Dolni Pasarel Monastery, Sofia. Here the plaster has fallen away to reveal the beams.
This is a magical place – the Seven Rila Lakes. I was struck by the vein in the rock and the crack. Note the little stones that have become lodged there.
A photo from Wisley Gardens in Surrey, England. The fountain has formed a Cross.
The shadow from a bridge has cast a rather dramatic Cross on the waters of the Douro River in Porto, Portugal.
The intersection of an oar and a rowlock have created a rather beautiful Cross in the fishing town of Bueu, Galicia (north-west Spain). Note the strange writing, which actually says “lagoas” (“lagoons”), reflected in the water.
Mooring ropes in Bueu have the same effect.
This for me is a remarkable photo because the fishing boat’s winch in Rianxo, west Galicia, really does resemble a Crucifix.
During a walk on Vitosha, the mountain south of Sofia, I came across two twigs perfectly positioned to resemble a Cross.

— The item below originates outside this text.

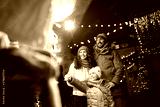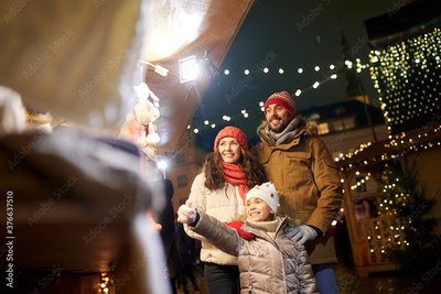 family, winter holidays and celebration concept - happy mother, father and little daughter at christmas market on town hall square in tallinn, estonia
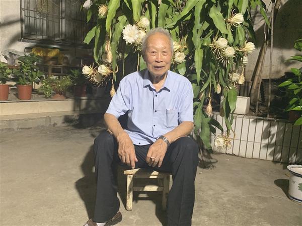 8月5日傍晚,在中心城区一座小院里,88岁的苗天才老人正在数着:“1朵、2朵、3朵……”据苗天才回忆,眼前的这株昙花树是1999年别人送的,至今已有21年树龄。“刚开始才到我的小腿处,现在长得比人还高。”这几天,老人一直在数结了多少个花骨朵,“大概有90多个,前一天开了20余朵,还有70余个花骨朵未开”,据多年养花经验,老人预测这70余个花骨朵将在8月5日夜开放。

This photo was taken at Kadamliya Waterfall in central Bulgaria. The tree and the rock form a Cross with the grass. How the tree remains rooted to the spot, I do not know!
This pink evening primrose in Velingrad, Bulgaria, forms a perfect Cross.
A brown insect that bears an uncanny resemblance to the Crucifix.
This is a different kind of winch – for lifting pilgrims in baskets to the aerial monasteries of Meteora in Greece. They don’t work anymore, and pilgrims have to climb stone steps instead.
Again, two twigs on Vitosha, the mountain south of Sofia, have formed a Cross, but here the Cross has a chain.
When we disembarked at Fiskardo on the Greek island of Cephalonia, I was struck by the Cross revealed by plaster on the wall.
I tried many times to capture this Cross, a reflection that appeared in the morning on a house in Sofia.
The classic Cross – two contrails in Berlin.
A dislodged paving stone on a street in Sofia.
Poppies have clear Crosses. This particularly luxurious specimen is to be found on the premises of the Georgian Patriarchate in Tbilisi.
Not all Crosses are pretty! This iron Cross is found in the village of Exogi, Ithaca.
On a walk on Ithaca, I came across this rather remarkable Cross formed by the vegetation.
I love this Cross, which has almost been obliterated by the footsteps of pilgrims on the Mount of Temptation outside the city of Jericho.
These girders in a basement in Metsovo, Greece, seem to represent Christ with the two thieves.